Renting it out took a few weeks, it shouldn’t have but the property manager got sick and didn’t really get round to asking any of her colleagues to take over the showings. Then the rent achieved was only $500. I was pretty surprised, but it was my own fault. I trusted the supplied rental assessment and I didn’t do my homework. I didn’t research rental prices in the building or get and independent rental asessment. Unforgivable really when so many property managers will do one for free (in the hopes of getting your business I suppose.)

But there have been some amazing upsides to owning the apartment. The lack of maintenance compared to my other properties is quite a relief. Everything is taken care of by the body corp fees and those fees cover insurance. It really is hassle free. While it was vacant I got to use the car park. That was fun.

The Numbers

Mortgage payments: $22,921
Rental income: $26,000
Body Corp Fees: $3,406
Rates: $1,236

That works out to a nice tidy loss of $1,563 a year. Yes thats right I actually purchased a $1563 debt every year. Are you keeping track of how much money I’m loosing this year? My other rental property is losing $1054. So far thats a grand total of $2617 per annum. Or $50.32 a week. That is starting to hurt my cashflow!

Properties which cost money to hold are not an investment. However, the rising market and capital gains are increasing my net worth. But buying houses with the hope of values going up makes me a speculator and not a very good one. Buying properties that break even are not investments either. Unfortunately I am damn stubborn. I refuse to let it go. So I eat the loss wait for a day when the damn place actually makes me some money.

Any good news?

Well interest rates are low, and getting lower. I split the loan into 3 parts and each will roll onto a lower interest rate in the near future.

Rents are apparently rising. So they tell me. But I really feel that $500 a week is still a fair rent for the property. I will get a professional rental assessment when the tenants fixed term contract ends.

It will only take an increase of $30 a week or a reduction in expenses of $30 a week to make this place break even. I’m pretty sure I can achieve that in the near future..

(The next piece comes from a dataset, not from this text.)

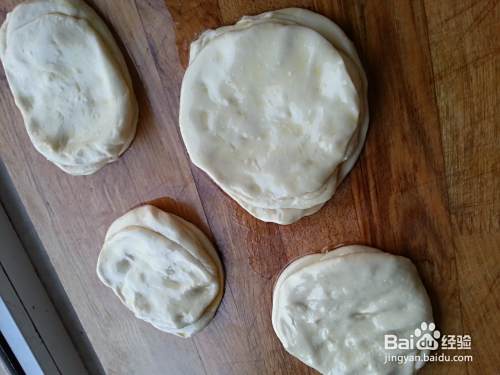 取饼坯,擀成大饼。

So what are the lessons here?

Four main things I learned from this purchase.

Real estate agents work for the vendor – Not you! If they appear to be helping you get the deal done, take a step back, is it really in your best interests?

All that glitters is not gold. Staging makes a place look way fancier that it is. Whats lurking when all the glam is gone?

Get independent rental assessments and use the lower figure for running your numbers. Rental assessments, in my opinion, are usually inflated.

Set yourself some criteria. Without criteria its easy to get talked into buying something that won’t work for you. If I was buying an apartment again, it would be, carpark, views, natural light, sound proof.